[Records from a collection]
Segment Open

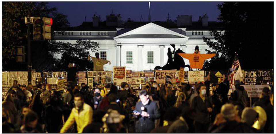
2020: la Casa Blanca rodeada por el movimiento negro y los trabajadores sublevados

Insistimos, no hay ninguna corriente obrera, ni sindicato, ni corriente socialista o de izquierda, que aplique un método de respuesta individual ante los opresores en EEUU. Es más, la mayoría absoluta de las direcciones de estas organizaciones están integradas al régimen, como es el caso del sionista Sanders y de Ocasio-Cortez. Ellos apoyan abiertamente al carnicero Biden,
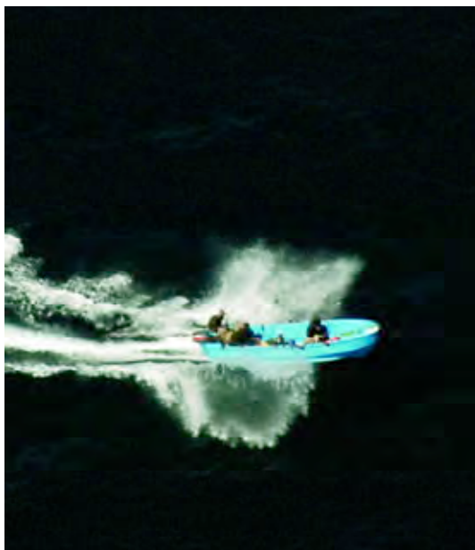
Este skiff con piratas a bordo fue localizado acercándose al mercante Sea Princess II ; en ese momento ya había sido secuestrado y no se pudo hacer nada por él.

Después de efectuar dos pasadas sobre los piratas, éstos se dan a la fuga. La presencia del P-3 ha sido lo suficientemente disuasoria. Respiramos aliviados al comprobar que no ha sido necesario ir «más allá».
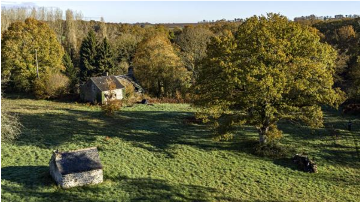
Hameau du Boulay.
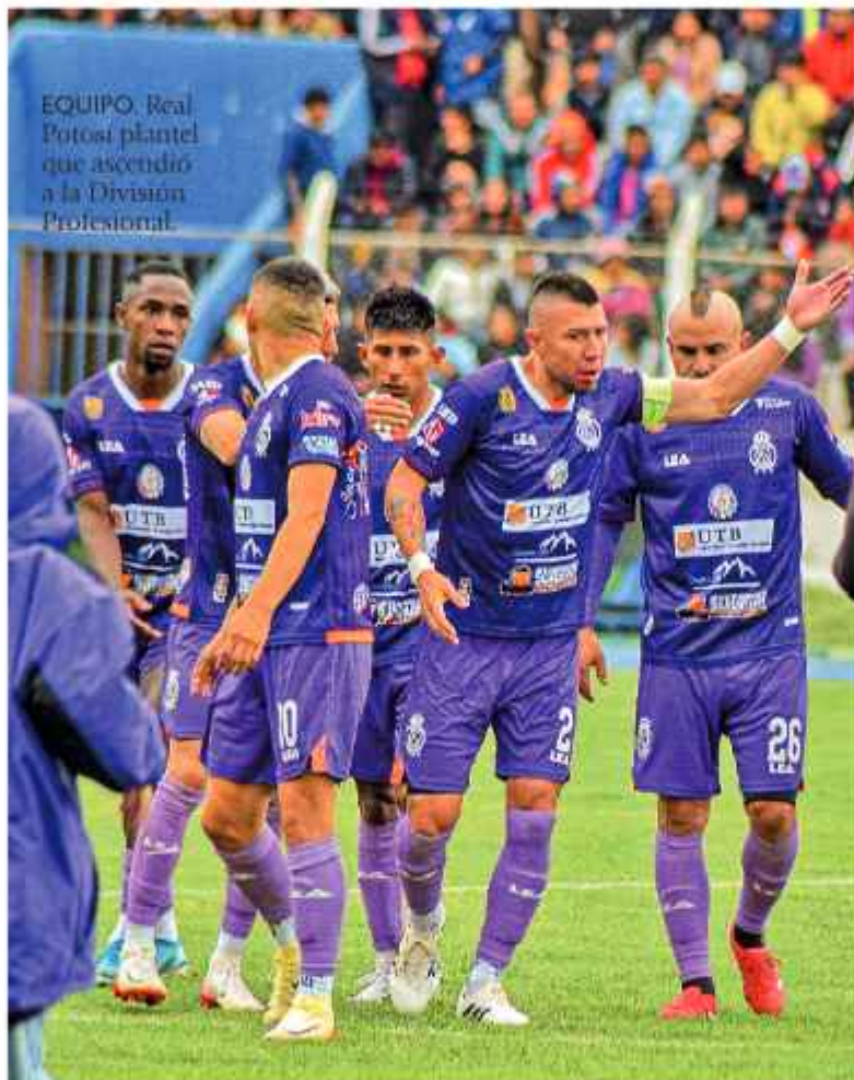
EQUIPO. Real Potosí plantel que ascendió a la División Profesional.

Para el campeonato largo está prevista la disputa de 30 fechas que se jugarán a lo largo de todo el año, mientras que el torneo corto se disputará por series y, posiblemente, más corto que el de la pasada temporada,
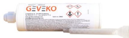
Mine 380 ml

Viaxi® ist ein effektives zwei Komponenten Bindemittel, das speziell für Beton-, Kopfsteinpflaster- und Fliesenoberflächen entwickelt wurde. Die geschätzte Anwendungsmenge ist ungefähr 300ml/m 2 , d.h. 220g/m 2 .
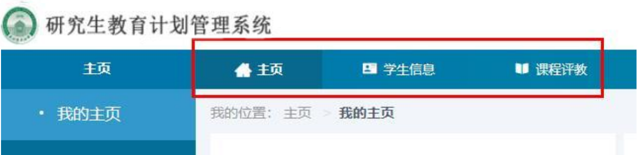
图 2-1 学生端导航栏

登录后，系统系统的顶部导航栏有 3 个模块，如图 1-2 所示，分别是主页、学生信息、课程评教。点击【课程评教】模块，进入课程评教页面。
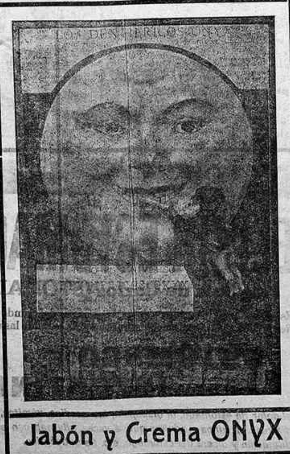
Jabón y Crema ONYX

¿Hay algo más desagradable y nocivo que una boca descuidada?
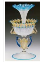
エリーテ・ムラノ工房作 『噴水型フルーツコンポート』
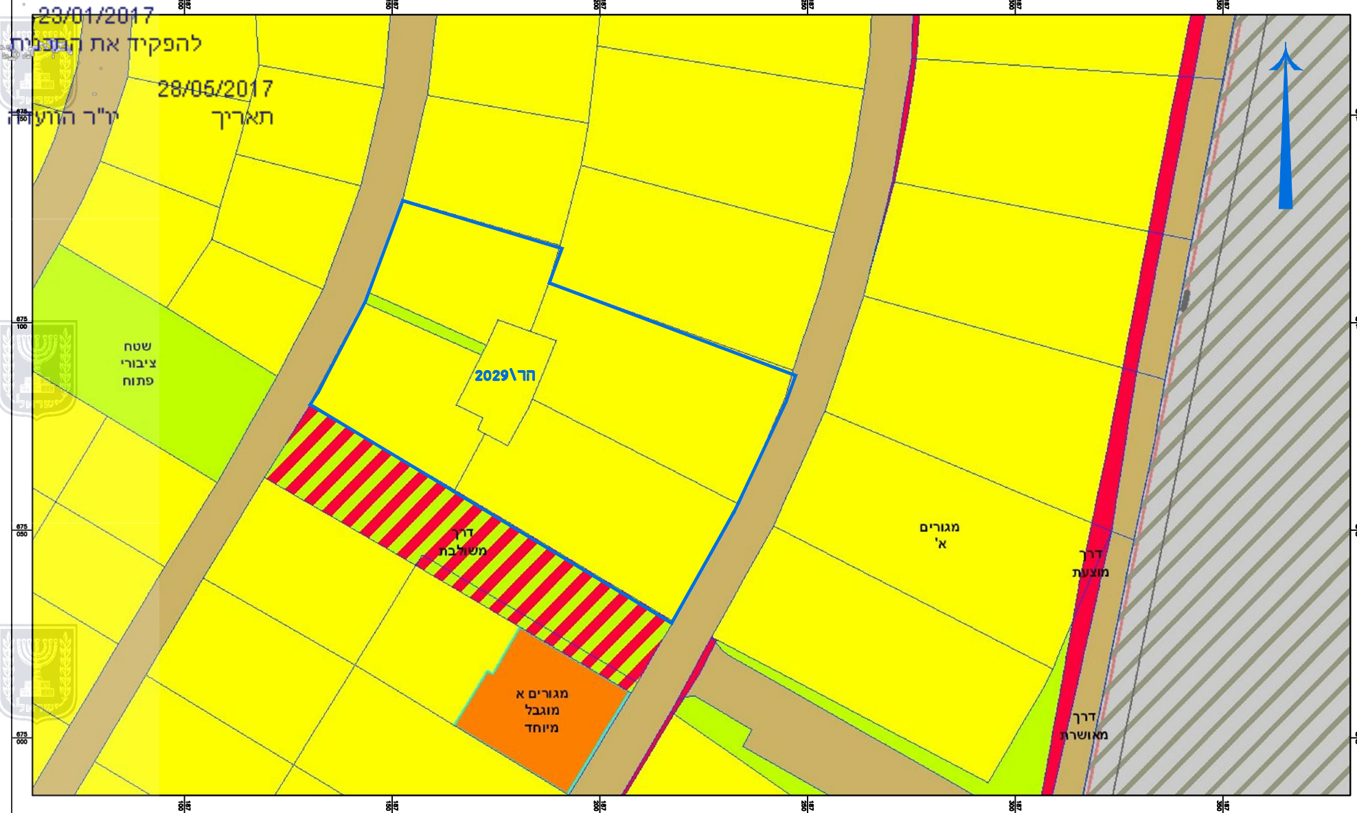
קנ"מ 1:1250 מצב מאושר הר' 2029
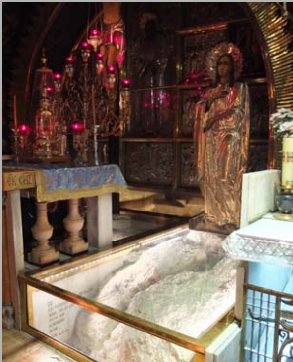
Chrám Božího hrobu, Golgota
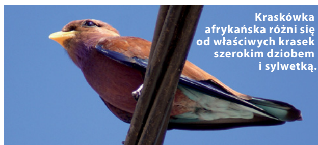
Kraskówka afrykańska różni się od właściwych krasków szerokim dziobem i sylwetką.
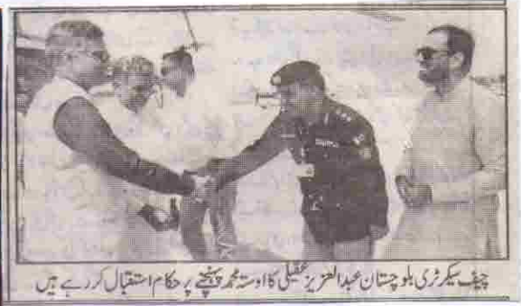
چیف سیکرٹری بلوچستان عبد العزیز عقیلی کا 16 ویں گھر چننے پر حکام استقبال کر رہے ہیں
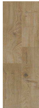
D5263 Dub přírodní
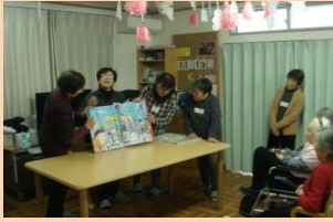
城南ボランティア様
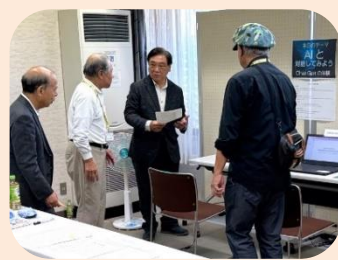
パソコンサークル 生成AI体験会
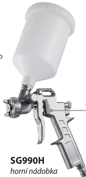
SG990H horní nádobka

Široký výběr tryskových kompletů pro použití s různě hustými nátěrovými hmotami
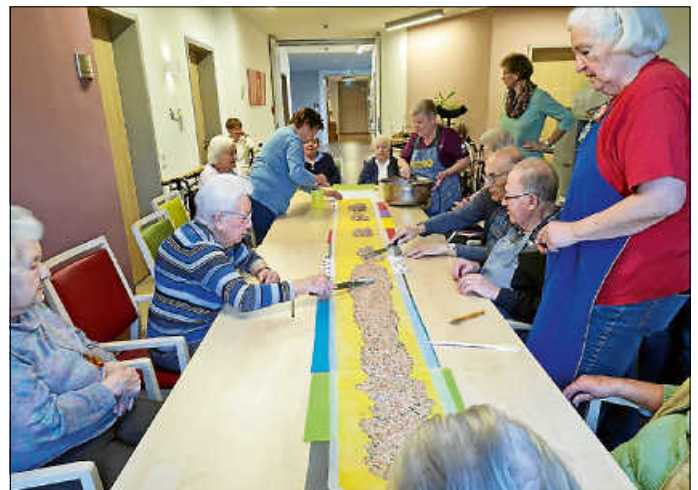
Maultaschenproduktion am Band
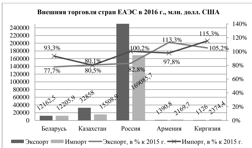
Рисунок 4 – Внешняя торговля стран ЕАЭС в 2016 г., млн. долл. США

Примечание – Разработка авторов на основе [8].

Segment Closed

Work task: The records above need to be copied exactly, though not their pictures.

Exercise response:
2020: la Casa Blanca rodeada por el movimiento negro y los trabajadores sublevados

Insistimos, no hay ninguna corriente obrera, ni sindicato, ni corriente socialista o de izquierda, que aplique un método de respuesta individual ante los opresores en EEUU. Es más, la mayoría absoluta de las direcciones de estas organizaciones están integradas al régimen, como es el caso del sionista Sanders y de Ocasio-Cortez. Ellos apoyan abiertamente al carnicero Biden,
Este skiff con piratas a bordo fue localizado acercándose al mercante Sea Princess II ; en ese momento ya había sido secuestrado y no se pudo hacer nada por él.

Después de efectuar dos pasadas sobre los piratas, éstos se dan a la fuga. La presencia del P-3 ha sido lo suficientemente disuasoria. Respiramos aliviados al comprobar que no ha sido necesario ir «más allá».
Hameau du Boulay.
EQUIPO. Real Potosí plantel que ascendió a la División Profesional.

Para el campeonato largo está prevista la disputa de 30 fechas que se jugarán a lo largo de todo el año, mientras que el torneo corto se disputará por series y, posiblemente, más corto que el de la pasada temporada,
Mine 380 ml

Viaxi® ist ein effektives zwei Komponenten Bindemittel, das speziell für Beton-, Kopfsteinpflaster- und Fliesenoberflächen entwickelt wurde. Die geschätzte Anwendungsmenge ist ungefähr 300ml/m 2 , d.h. 220g/m 2 .
图 2-1 学生端导航栏

登录后，系统系统的顶部导航栏有 3 个模块，如图 1-2 所示，分别是主页、学生信息、课程评教。点击【课程评教】模块，进入课程评教页面。
Jabón y Crema ONYX

¿Hay algo más desagradable y nocivo que una boca descuidada?
エリーテ・ムラノ工房作 『噴水型フルーツコンポート』
קנ"מ 1:1250 מצב מאושר הר' 2029
Chrám Božího hrobu, Golgota
Kraskówka afrykańska różni się od właściwych krasków szerokim dziobem i sylwetką.
چیف سیکرٹری بلوچستان عبد العزیز عقیلی کا 16 ویں گھر چننے پر حکام استقبال کر رہے ہیں
D5263 Dub přírodní
城南ボランティア様
パソコンサークル 生成AI体験会
SG990H horní nádobka

Široký výběr tryskových kompletů pro použití s různě hustými nátěrovými hmotami
Maultaschenproduktion am Band
Рисунок 4 – Внешняя торговля стран ЕАЭС в 2016 г., млн. долл. США

Примечание – Разработка авторов на основе [8].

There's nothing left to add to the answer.